At one point of time when I had to deal with people submitting phishing links to a web service I owned, I learned some of the tricks that phishers use to get around reports, such as using IP geolocation or the accept-language and accept-encoding header to determine if the phishing page should be served.

With tricks like this, it's not a surprise to see why the companies operating blocklists are hesitant to make this process easy; after all, what's to prevent the phishers from temporarily stating that the issue has been resolved to get out of the denylist, and then restarting their campaign again?

If the process required you to verify ID, e.g. a passport + video selfie, some accountability might be possible. But that might be too invasive for many folks.
This doesn't work because there's a nearly unlimited supply of people willing (out of desperation, drug addiction, or just plain poor decision making) to let bad actors use their IDs.
Also, all that info has been leaked a billion times now, and there are tools to allow real-time filter/overlays of faces to make it even easier.
If you could get out of blacklists by transferring ownerships then people can “wash” domains by fake transfers.
I really disagree with pulling the power dynamic angle into focus here. Injustice can also be carried out by the "little man", sometimes even at scale, and is every bit as awful to remedy if not even more so.

The issue is with the issue: people/systems (big and small) blacklisting an ownable identifier pointing to some ownable content without any care for the lifecycle of either.

Painting this with a social brush is extremely unhelpful and is guaranteed to derail conversations for no benefit whatsoever.

> The issue is with the issue: people/systems (big and small) blacklisting an ownable identifier pointing to some ownable content without any care for the lifecycle of either.

Does the lifecycle matter much, though?

Kind of like a carfax report. Tells you whether a vehicle you’re buying has been in an accident before (if it has, the value goes down because maybe there’s some latent issue that isn’t obvious at the time of purchase)
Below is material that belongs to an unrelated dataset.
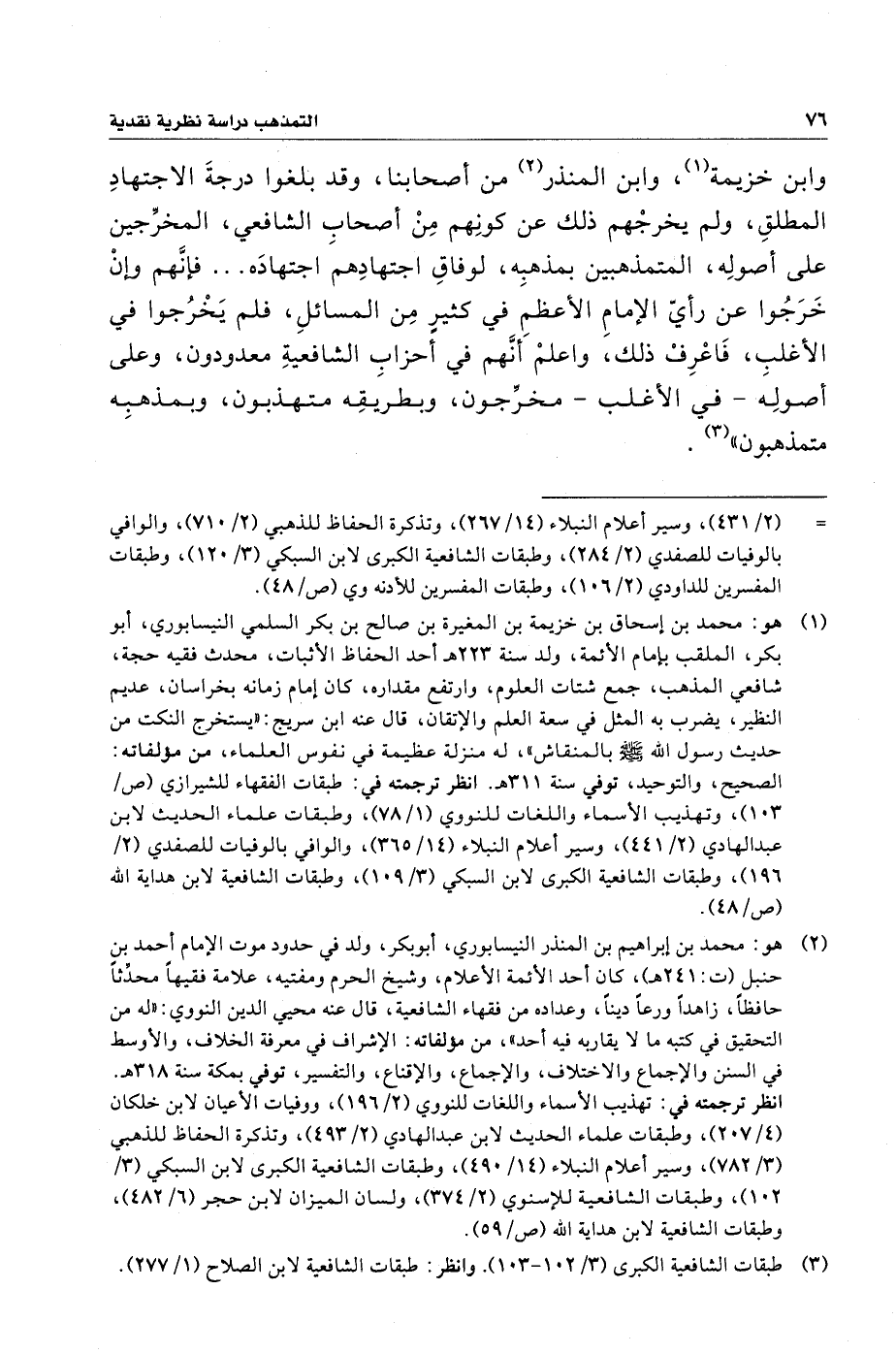 وابن خزيمة (¬١)، وابن المنذر (¬٢) من أصحابنا، وقد بلغوا درجةَ الاجتهادِ المطلقِ، ولم يخرجْهم ذلك عن كونِهم مِنْ أصحابِ الشَّافعي، المخرِّجين على أصولِه، المتمذهبين بمذهبِه، لوفاقِ اجتهادِهم اجتهادَه ... فإِنَّهم وإِنْ خَرَجُوا عن رأيّ الإِمامِ الأعظمِ في كثيرِ مِن المسائلِ، فلم يَخْرُجوا في الأغلبِ، فَاعْرِفْ ذلك، واعلمْ أنَّهم في أحزابِ الشافعيةِ معدودون، وعلى أصولِه - في الأغلب - مخرِّجون، وبطريقِه متهذبون، وبمذهبِه متمذهبون" (¬٣).

It would be nice if ICANN had some equivalent of a carfax for domains, perhaps even with a requirement that registrars expose at time of purchase whether a domain has been misused in the past (and who the prior owners were, or at the very minimum what the historical DNS records were).

Basically you want to avoid buying a “lemon” domain by accident.

I place zero fault/blame on “powerful entities” maintaining lists of domains used for spam/scams. How else will we protect grandma?

For readers: you could build Namefax as a startup! Pure-partnerships based model... distribute it through registrars.

"Heads up, this is a pre-owned domain. Do you want to get the Namefax for $0.99 before you buy?"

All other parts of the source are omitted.